Salvevold is a fourth-generation farmer who works his family's 17,000 acre farm near Froid, in the far northeastern part of Montana.
While Salvevold's farm has long grown wheat, poor markets are driving him to make different planting decisions this year.
"Specialty crops, lentils, peas, they're kind of leading the way right now," Salvevold said. "We grew up raising wheat—that was our staple and now it's kind of do anything you can not to plant wheat."
Salvevold is not alone in straying away from wheat this season. Down the road at the 20,000-acre Nygard farm in Brockton, John Nygard says his family too is planting less wheat due to costs of inputs like fertilizer and the low price of dollar-per-bushel.

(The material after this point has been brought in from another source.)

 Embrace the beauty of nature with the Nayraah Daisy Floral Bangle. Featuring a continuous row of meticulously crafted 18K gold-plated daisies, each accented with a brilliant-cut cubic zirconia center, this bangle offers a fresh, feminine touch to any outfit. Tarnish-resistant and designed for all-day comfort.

"This year we're doing mostly specialty crops, it's cheaper to do specialty crops," Nygard said.
Jason Boeshore manages a grain elevator in Culberston and follows commodity markets closely in order to advise farmers when to sell their products for the best price.

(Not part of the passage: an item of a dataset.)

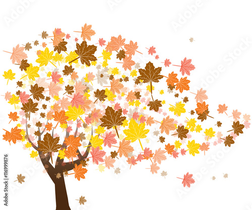 © Phrygian, Fototapeta premium Flying autumn leaves with copy space. Vector autumn background.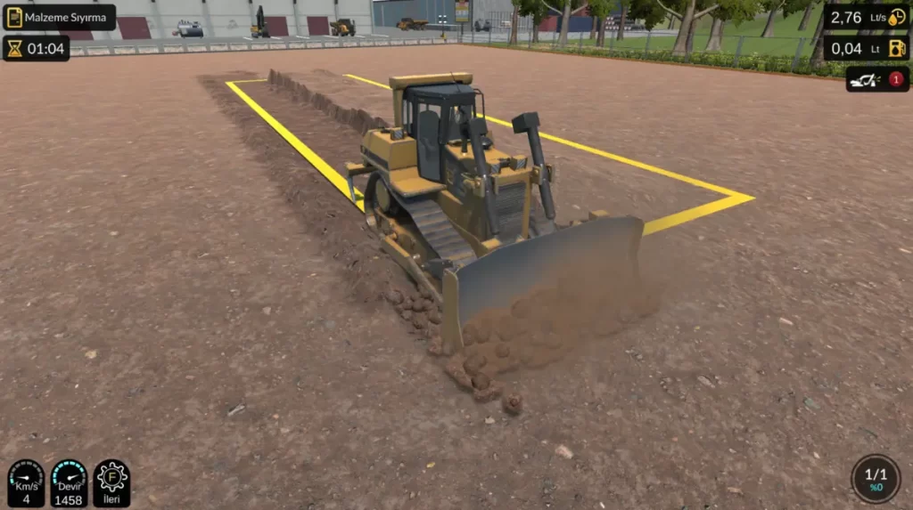 模擬器可精確重現推土機的行為動態,包含引擎轉速(RPM)、扭力、液壓壓力等多項參數計算。這讓操作員深入了解機械系統運作,有助於提升實務應用能力。

"What I'm hearing from farmers is a lot of uncertainty," Boeshore said. "They ask me, 'hey, Jason, what's gonna happen? What's my new crop wheat gonna be worth?' And this is one of the first times in my career I don't know what to tell them."
Boeshore says the price of wheat started dropping steadily about three years ago, driven by inflation and decreasing demand.
"A majority of the wheat that's grown in the United States, and Montana falls into that category, goes to Southeast Asia, they're our biggest customers. So when the dollar goes up, countries that are not doing well financially can no longer afford to buy our goods," Boeshore said.
The recent addition of tariffs and trade wars with Canada, Mexico, and China have hurt the market as well.
"The number three buyer of US wheat is Mexico, our neighbors to the south. So with tumult in trade agreements and obviously an increase in inflation, it's going to make it more difficult for them to source our goods," Boeshore said.
According to the White House, a new round of tariffs on imports from US trade partners Canada and Mexico are set to take effect on April 2. Canada has pledged reciprocal tariffs on US imports. Earlier this month, China imposed a new set of reciprocal import tariffs on US agricultural products and food, including a 15 percent tariff on wheat imports.
China is the largest market for US agricultural products and Boeshore says losing a foothold in China and southeast Asia could allow other countries to take a bigger piece of the market.
" Australia, South America, France. The Black Sea, Russia/Ukraine—the war hasn't slowed them down that much," Boeshore said. "The Southeast Asian wheat buyers will get their wheat from one of those places."
For Salvevold, moving wheat isn't the only obstacle—cancelled foreign aid distribution has also hurt sales of lentils and peas.
"We work on a global market. Everything we do, very little of it stays in the US. Most of it is shipped as foreign aid," Salvevold said. "So all these markets that we like to work with, if they're shut off from us, we don't really have a lot of open markets we can go look for."
As trade negotiations continue, Boeshore and Salvevold share the feeling that farmers are not a big enough part of the conversation.
" I would doubt that the farmer is really heard or represented," Salvevold said. "Right now, we're probably working more on cars, computers, vehicles, and the farmer usually trickles in on the tail end of most of those conversations."
"Any attention that is being paid to it on the Hill is not being communicated back to us, back to the grain men and the farmers on the ground actually physically participating in these markets that are loading the rail cars that are driving the combines," Boeshore said. "[The delegation] could be beating down the doors in Washington DC but unless we can see it and we can hear it, it doesn't mean anything."
For Salvevold, he would like to see the prices of wheat improve, so he can again plant the crop that long defined his family farm.
"It'd be fun to go back to planting wheat as our primary crops, we just need some more support."